Author(s): Chris Womersley
2011 ABIA LITERARY FICTION BOOK OF THE YEAR
WINNER OF THE 2011 INDIE AWARD FOR FICTION
SHORTLISTED FOR THE 2011 MILES FRANKLIN AWARD
It is 1919. The Great War has ended, but the Spanish flu epidemic is raging across Australia. Schools are closed, state borders are guarded by armed men, and train travel is severely restricted. There are rumours it is the end of the world.
In the NSW town of Flint, Quinn Walker returns to the home he fled ten years earlier when he was accused of an unspeakable crime. Aware that his father and uncle would surely hang him, Quinn hides in the hills surrounding Flint. There, he meets the orphan Sadie Fox -- a mysterious young girl who seems to know more about the crime than she should.
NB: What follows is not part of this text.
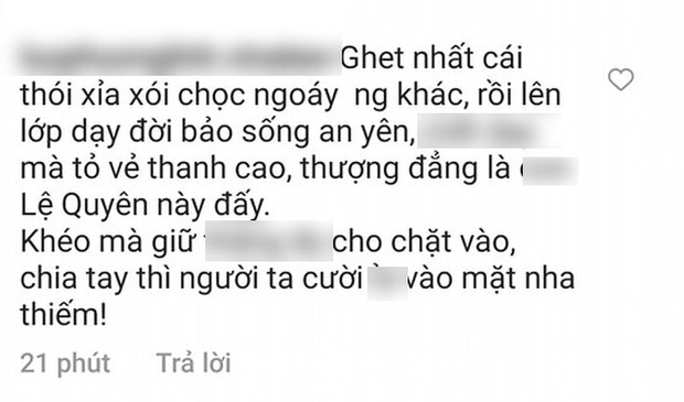 Mặc dù không đả động đến ai nhưng dưới phần bình luận, netizen bất ngờ ùa vào chỉ trích Lệ Quyên vì cô thường xuyên đăng đàn ẩn ý mỉa mai người khác. "Sao chị móc mỉa xỉa xói người khác vậy chị Quyên? Chị đẹp hơn ai, chị giàu hơn ai vậy? Thưa chị, người giàu người ta sợ nhất là người khác biết mình giàu và ngược lại, đạo lý mà sống *** ** là vứt nha chị", "Chị này chuyên đi nói xoáy người khác. Bản thân chị mới hay sân si nhưng lại chuyên đi nói người khác sân si. Ông trời công bằng lắm, chị cứ ác khẩu như vậy, cuộc đời sẽ sóng gió lắm đấy", "Ghét nhất cái thói xỉa xói chọc ngoáy người khác, rồi lên lớp dạy đời bảo sống an yên"... là những ý kiến gay gắt của cư dân mạng dưới bài đăng của Lệ Quyên.

A searing gothic novel of love, longing and justice, Bereft is about the suffering endured by those who go to war and those who are forever left behind.
PRAISE FOR CHRIS WOMERSLEY
'Beautifully written and conceived, Bereft pushes at the borders of literary fiction and thriller, spinning a horrific incident in one man's life into a page-turning reflection on grief and guilt, on the nature of storytelling and its inevitable joys and shortcomings, on what we have to believe in order to survive.' The Age
'Chris Womersley, in plain and startling yet tender and lyrical prose, has constructed a moving narrative that opens up the wounds of war, laying bare the events that pre-date the conflict and reach forward into the collective memory ... War is the big drama of human horror, but the basest acts of cruelty are also enacted in what passes for peacetime. That Womersley can marry these two extremes, and construct a narrative in which the reader is left with a burning sense of regret and tenderness, is a mark of his skill and of his fictional reach.' Australian Book Review
Winner of Australian Independent Booksellers Indie Awards: Fiction 2011. Shortlisted for Miles Franklin Literary Award 2011 and Nielsen BookData Booksellers Choice Award 2011.
Chris Womersley's debut novel, The Low Road, won the Ned Kelly Award for Best First Book in 2008.